I think I've reached a point in my life where I need to get things sorted. I've got to the point where I don't want to be doing just any job, I don't want to just work to make money. If i don't like the work, if the people around me aren't the type of people I want around me, I shouldn't be working there in the first place. There's no point in whinging about it. There's no point in doing it for the money. If it will make me unhappy, I don't want to be a part of it. I don't want to do it just for the money. I want to be able to enjoy my work, even if it isn't want I want to be doing for the rest of my life. I don't need to know what I want to be in the future. All I need to know is what I want todo now and who I want to be now. The future doesn't truly matter yet.

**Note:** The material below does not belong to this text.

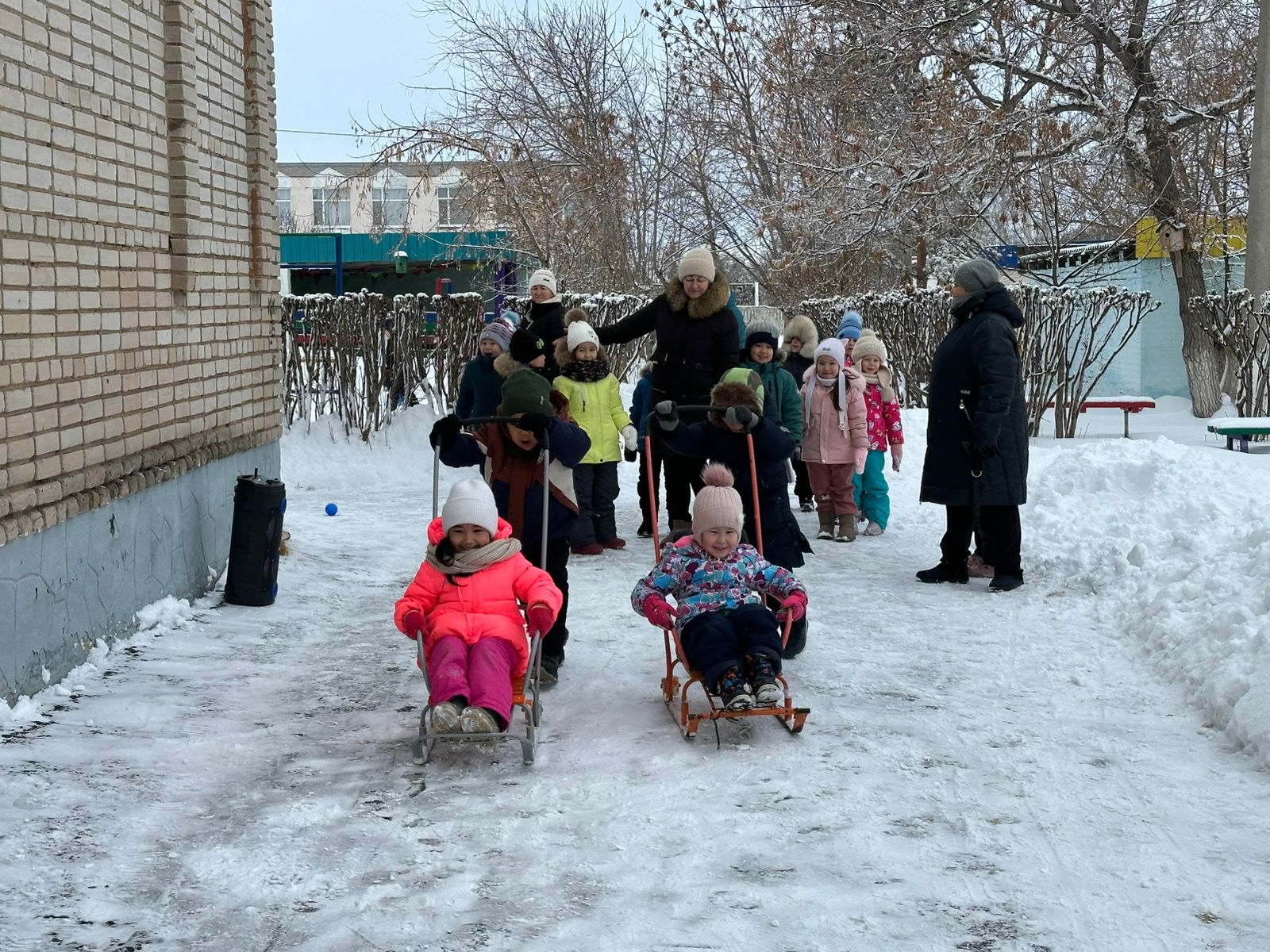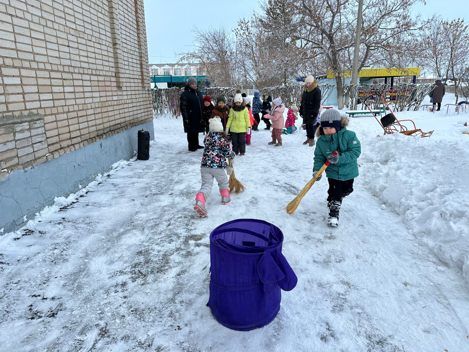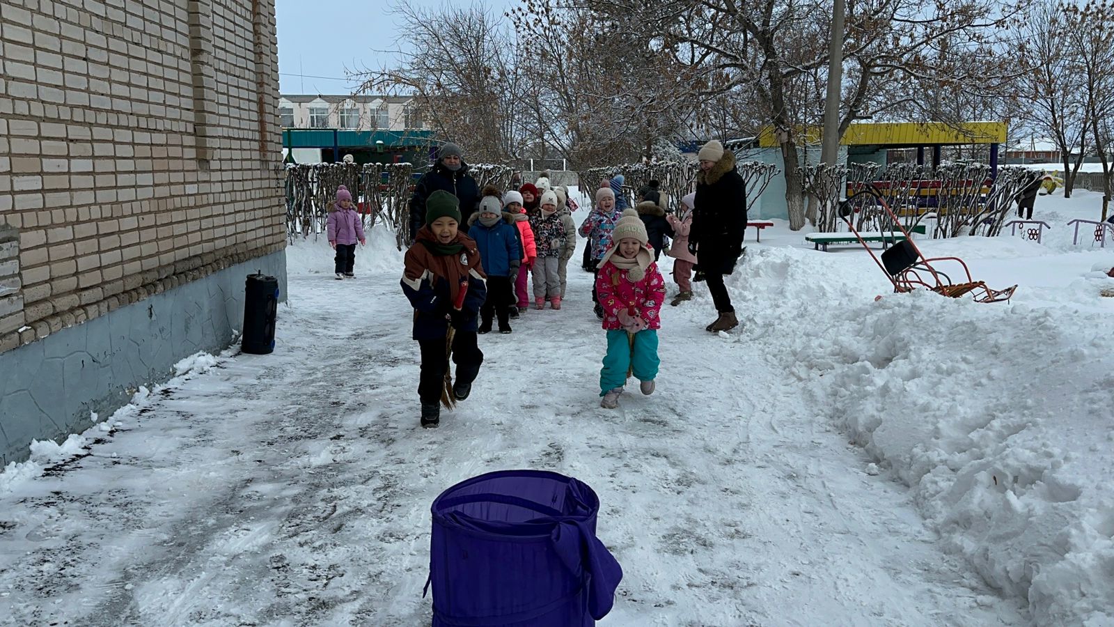 Қыс кезінде мұндай іс-шаралар балаларға денсаулық, күш пен қуаныш әкеледі. Сырғатпатаяқпен, доппен, шанамен достасатындар суыққа берілмейді және аязға батыл қарсы тұрады! Іс-шара таза ауада өтті. Мерекеге «Айгөлек» мектепалды даярлық тобының балалары нағыз спорттық командаларға айнала отырып, қатысты. Жарыс басталар алдында көңілді бой сергіту өтті. Содан кейін баба Яга балаларға қонаққа келді. Баба Ягамен бірге балалар қысқы спорттық эстафеталарды орындады: шанамен жарыс; сыпырғышпен ұшты; қармен ойнады; түрлі-түсті мұздан қаршықтарды қойды. Барлығы ұсынылған тапсырмаларды сәтті орындап, көңілді уақыт өткізді! Балалар өздерінің күш - қуатын, ептілігін, ұйымшылдығы мен ынта-жігерін көрсетті! Бұл біз аяздан қорықпайтынымызды және таза ауада белсенді, көңілді уақыт өткізуге дайын екенімізді дәлелдеген күн болды!

I'm not saying I should burn bridges and not care about building stepping stones to get me elsewhere. What I mean is, I'm not willing to sacrifice my happiness right now for my future happiness. I'm not willing to be miserable now so I can be happy later. There's no point in letting myself get to this position when I know it just isn't worth it. I don't want to be one of those people. I just want to be able to wake up in the morning and loom forward to going to work. Even if sometimes I wish I didn't have to, as long as most days it is good, that's all I ask for.
You can't get along with everyone. I get that. Some people you just have to put up with for a while. But there's a line. Once we cross that line, there's no going back. On the other side of that line is a place I don't wanna be in. If we don't see eye to eye and we have to work together everyday, it ain't gonna work sunshine. If what I need to get done depends on you getting your part done, that's called team work. If you can't pull your weight, you have no right to have a go at me for not pulling mine. It is totally unfair putting me under so much pressure, when it did my initial part a month ago and you have been procrastinating ever since. And now that is time to be finished, throwing it all on me doesn't work. There's only so much I can do.
I like learning, I like having new things to do, even if they are out of my comfort zone. But when I say I can't do something, I mean it. When I say I am not ok with doing something, I mean it. It isn't just a 'I can't be bothered learning' thing. It goes deeper than that. And you know that. I'll always make sure I explain myself when I don't want to do something. But forcing me to do it anyway, pushing me after you said it would never happen? Well, that is just bullshit. I shouldn't have to deal with it. And soon I won't have to deal with it anymore.